An exact copy of every line from the one holding "925 Sterling Silver" to the end of the entries below is required; leave the pictures out.

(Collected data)
========
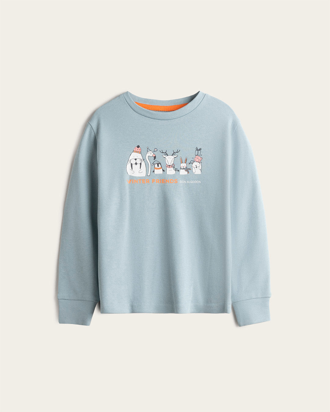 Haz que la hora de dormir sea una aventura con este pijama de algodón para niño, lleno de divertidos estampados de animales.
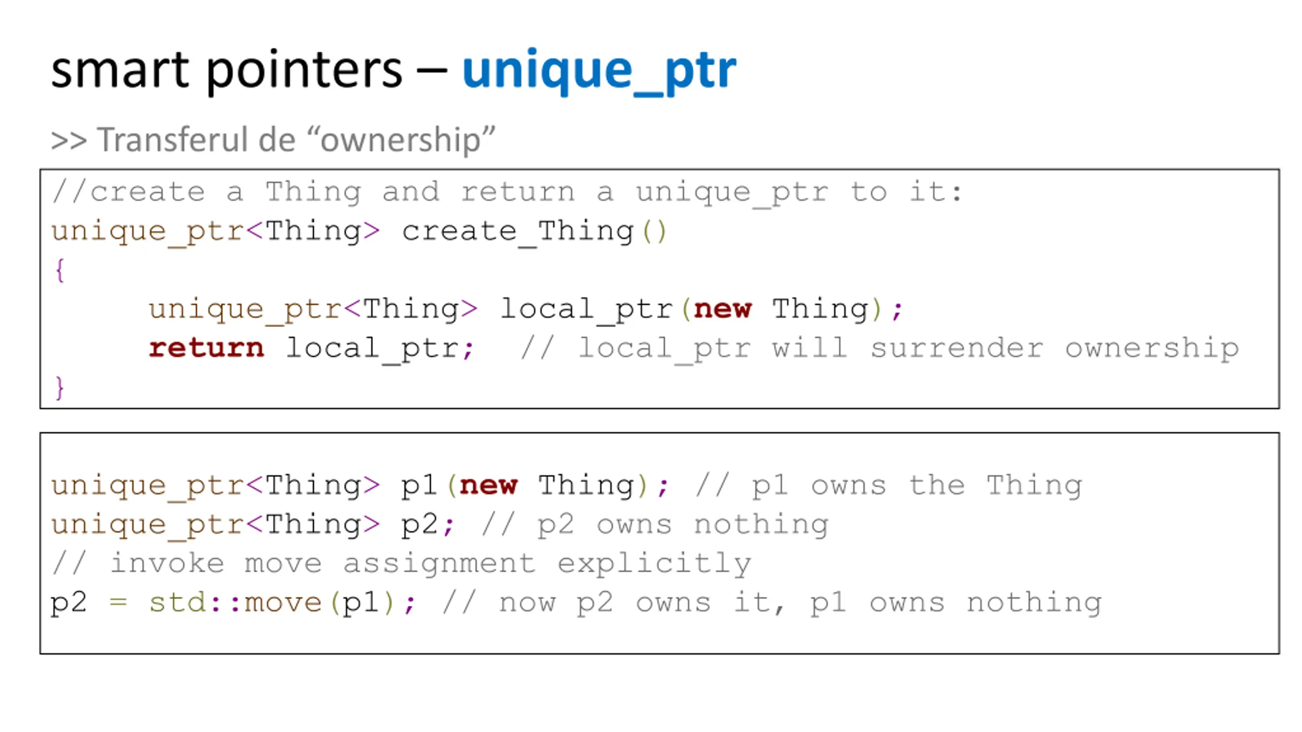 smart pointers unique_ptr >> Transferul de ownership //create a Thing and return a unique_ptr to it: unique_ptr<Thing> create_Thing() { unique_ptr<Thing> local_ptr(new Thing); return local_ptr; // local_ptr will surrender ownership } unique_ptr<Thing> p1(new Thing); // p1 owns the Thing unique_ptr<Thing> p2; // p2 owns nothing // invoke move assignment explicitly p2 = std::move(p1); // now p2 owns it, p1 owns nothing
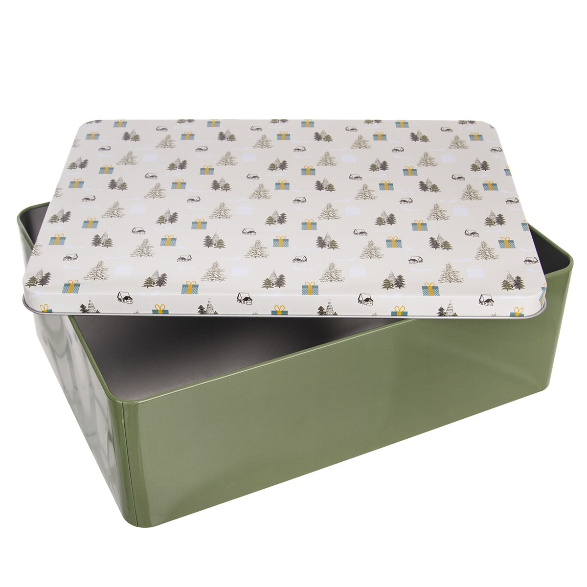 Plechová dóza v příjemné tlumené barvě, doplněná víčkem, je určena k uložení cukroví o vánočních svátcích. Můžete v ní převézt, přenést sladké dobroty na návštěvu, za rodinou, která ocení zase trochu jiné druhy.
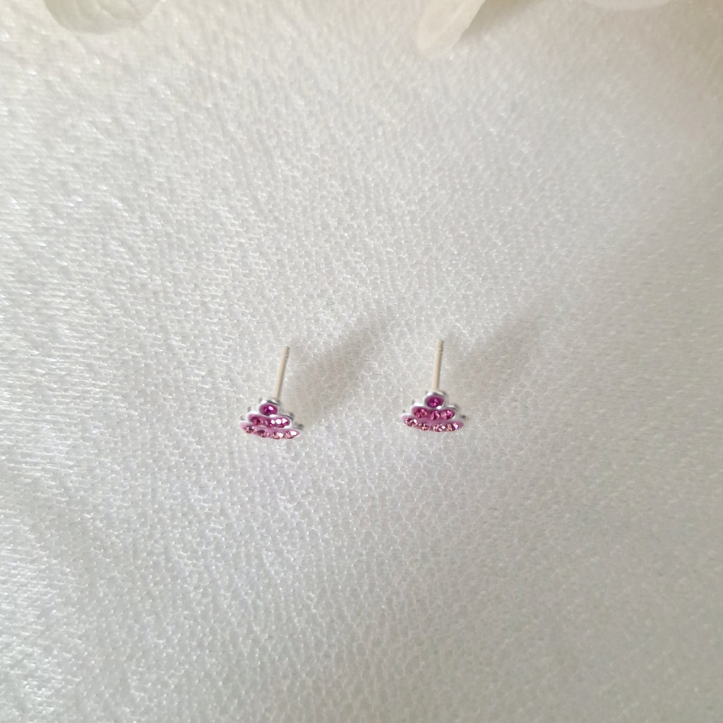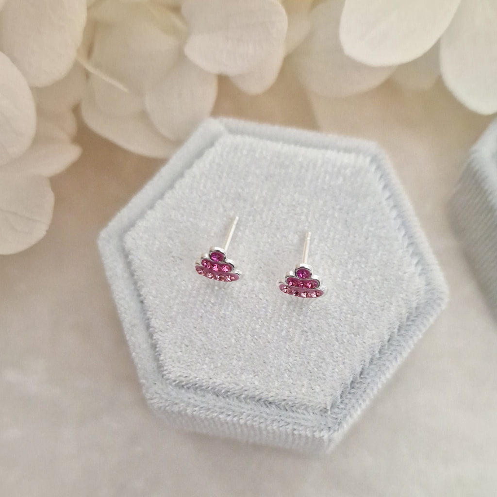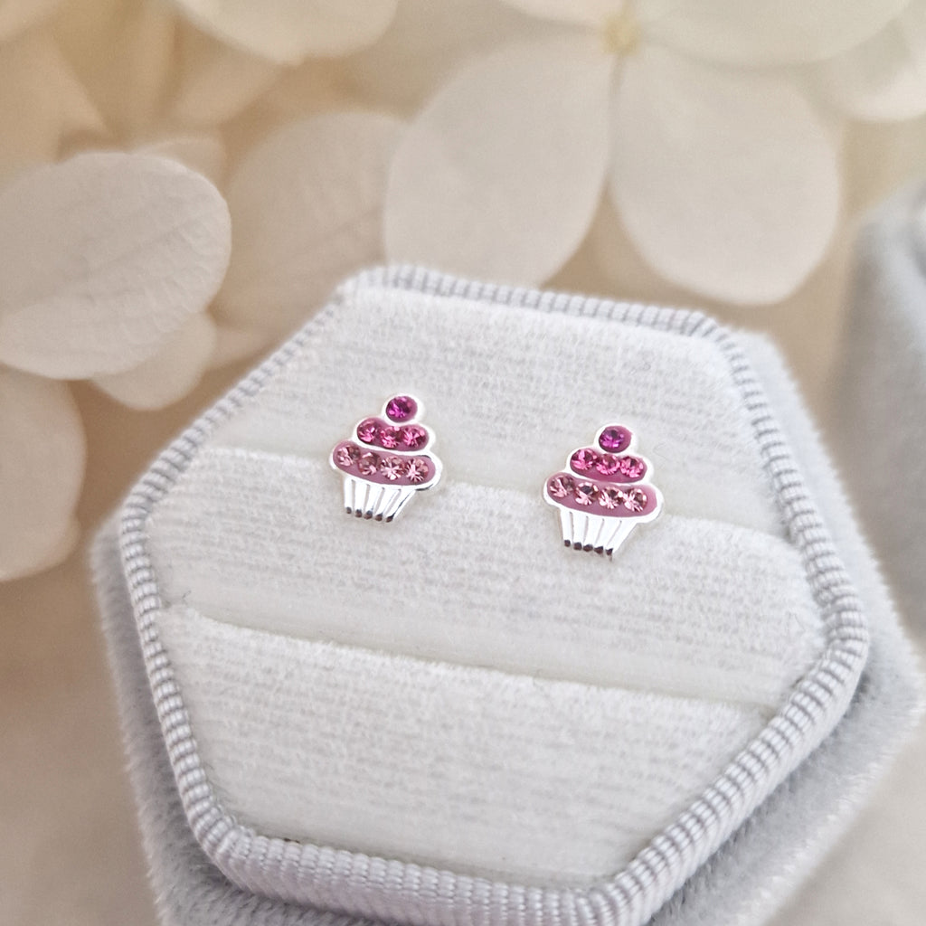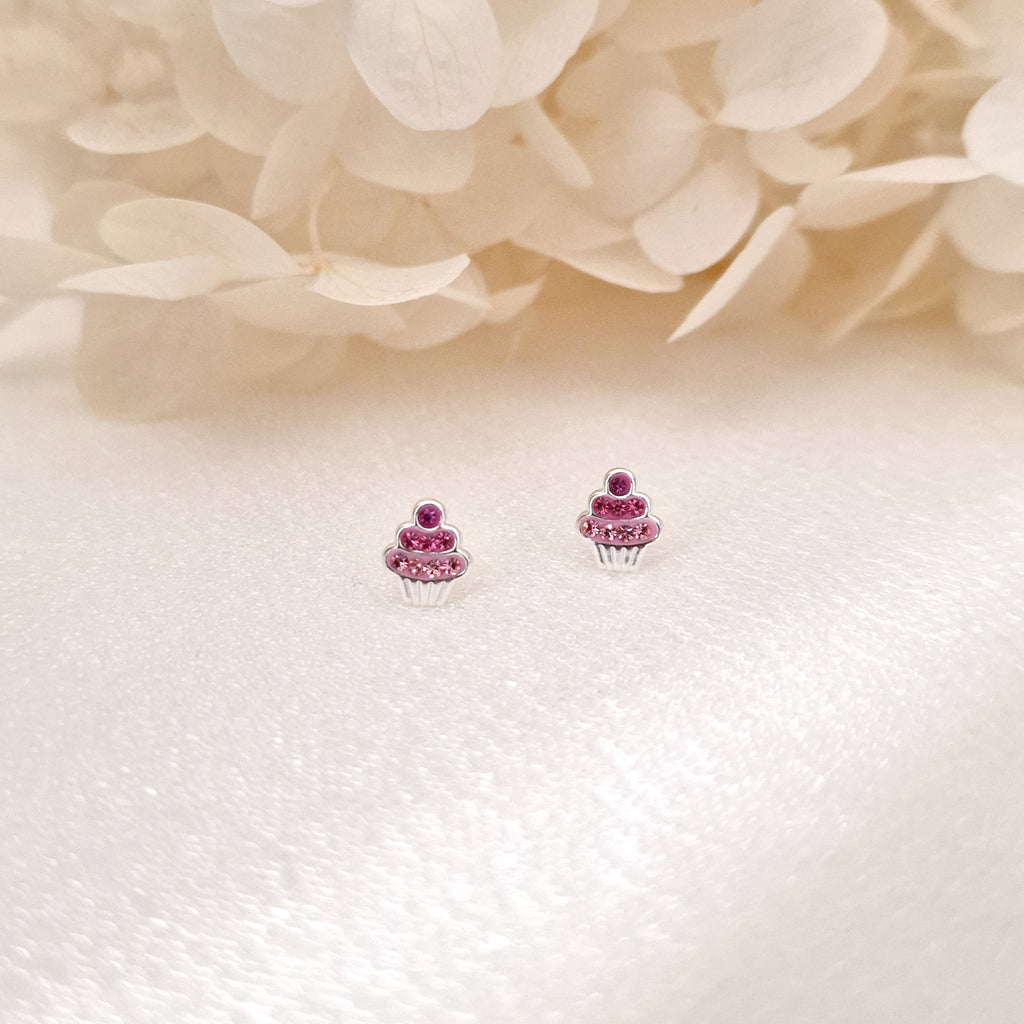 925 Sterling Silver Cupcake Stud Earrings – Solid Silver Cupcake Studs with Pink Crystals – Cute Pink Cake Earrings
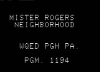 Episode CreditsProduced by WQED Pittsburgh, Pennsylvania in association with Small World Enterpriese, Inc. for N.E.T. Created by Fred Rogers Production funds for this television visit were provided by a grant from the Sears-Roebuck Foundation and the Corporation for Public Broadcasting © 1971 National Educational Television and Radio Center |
========
→ Your solution:
 925 Sterling Silver Cupcake Stud Earrings – Solid Silver Cupcake Studs with Pink Crystals – Cute Pink Cake Earrings
 Episode CreditsProduced by WQED Pittsburgh, Pennsylvania in association with Small World Enterpriese, Inc. for N.E.T. Created by Fred Rogers Production funds for this television visit were provided by a grant from the Sears-Roebuck Foundation and the Corporation for Public Broadcasting © 1971 National Educational Television and Radio Center |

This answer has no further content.